You won’t find many superheroes punching their way around Broken Frontier, but in Midnighter, writer Steve Orlando and his collaborators have nailed readers with a potent mix of emotional conflict and hardcore action.
If you still needed proof that 2015 was a year of grand ideas for the comics biz, you need look no further than our “Best New Series” shortlist. This year’s contenders brought us to the far reaches of space and time (Descender, Invisible Republic), as well as the shadowy haunts of a Southern Gothic fairy tale (Harrow County). And yet, it was a scrappy superhero title from the tried-and-true DC Universe that rose above the competition to take this year’s top honors.
And if you’ve cracked open an issue of Midnighter lately, you know it’s not very hard to see why.
Midnighter launched as part of the “DC You” explosion of 24 brand-new titles, centered on the somewhat tenuous notion of offering “something for everyone”.
At first glance, the human killing machine known as Lucas Trent seemed something of an odd man out in an initiative geared at broadening the comics-reading audience. The character’s pastiche of grim-and-gritty heroics was distinguished only by Trent’s status as an out gay man – a quality that had often defined rather than expanded the character’s relevance.
But from the first page of the first issue, writer Steve Orlando and a talented succession of artists delivered something bearing little resemblance to any other book on the stands.
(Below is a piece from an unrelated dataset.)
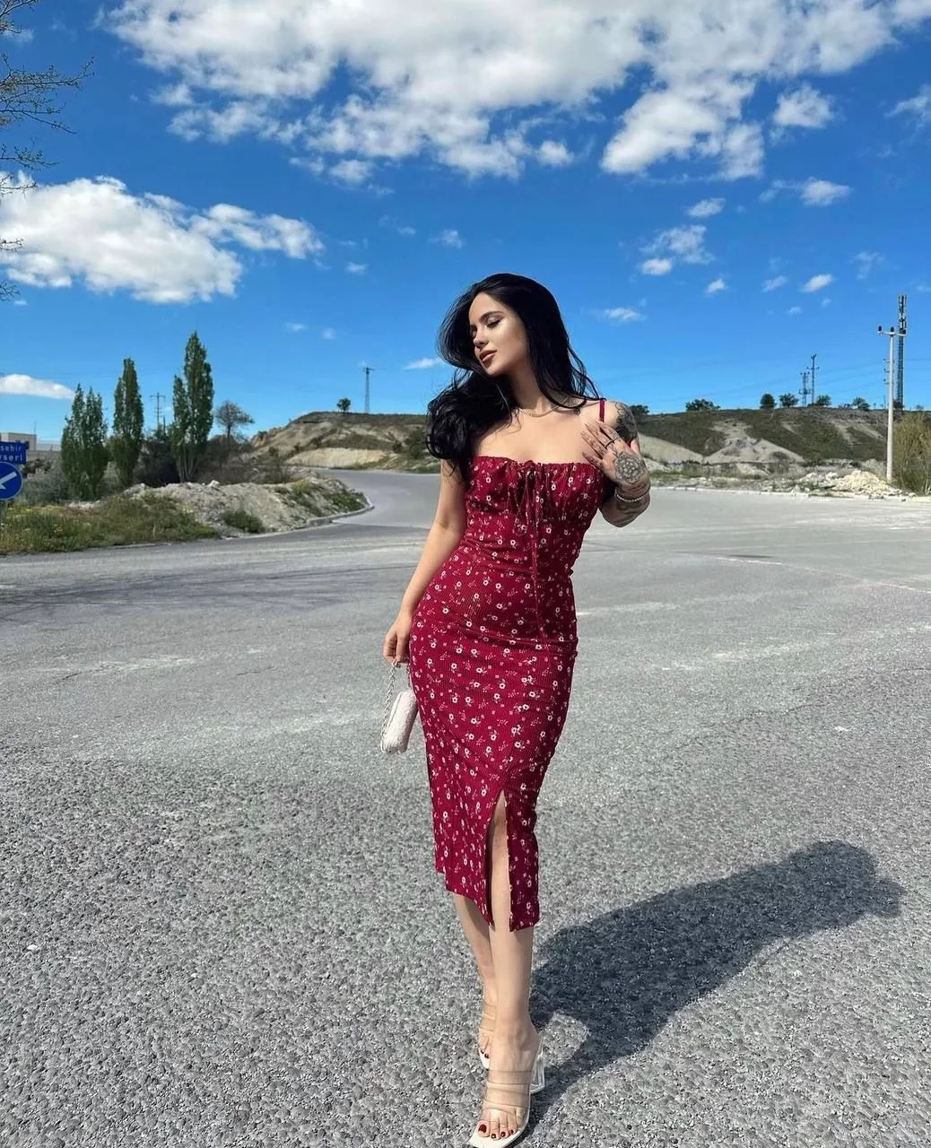 ÇİÇEK DESENLİ ASKILI YIRTMAÇLI MİDİ BOY BORDO ELBİSE

The character’s sexuality is only part of it – although a passionate scene in issue #1 serves as a reminder of how few precedents there really are for this book.
More notably, the book isn’t afraid to put its emotional conflicts in the spotlight as well as its bloody ones (not that the two are always disconnected). Following a bitter split with longtime partner and Stormwatch colleague Apollo, Trent finds himself in the throes of a promising new relationship with Matt – a “normal” man who sees another side to Trent’s penchant for violence.
“It’s fascinating to experience a place through a mind that works like yours,” Matt says during an early date in Moscow in issue #2. “You see the world, and see how we can beat the odds. Anyone not amazed by Midnighter, what he means, is the real idiot.”
Don’t let the tenderness fool you, though – this book has bite aplenty. Midnighter‘s high-concept catalyst (the theft of an ultra-secret arsenal of biotech weapons that’s connected to Trent’s forgotten past) is a perfect match for its creators’ hard-hitting pulp sensibilities.
Orlando has shown his skill with genre tropes before in his “queersploitation” epic Virgil. For much of this opening arc, he’s paired with artist Aco, whose crisp, ultra-sleek style feels as modern as the spy-fi tech that Midnighter is chasing down.
Stephen Mooney’s harder-edged linework (as seen in the retro-chic Half Past Danger) is equally suited to the two-issue team-up with Grayson. The interplay between the two wildly different male leads also made for some fantastic character moments, setting Trent on the course for a game-changing conclusion to the book’s first arc.
Midnighter has emerged as a title that’s hard to pin down, and even harder to ignore. In other words, it truly is this year’s “Best New Series.”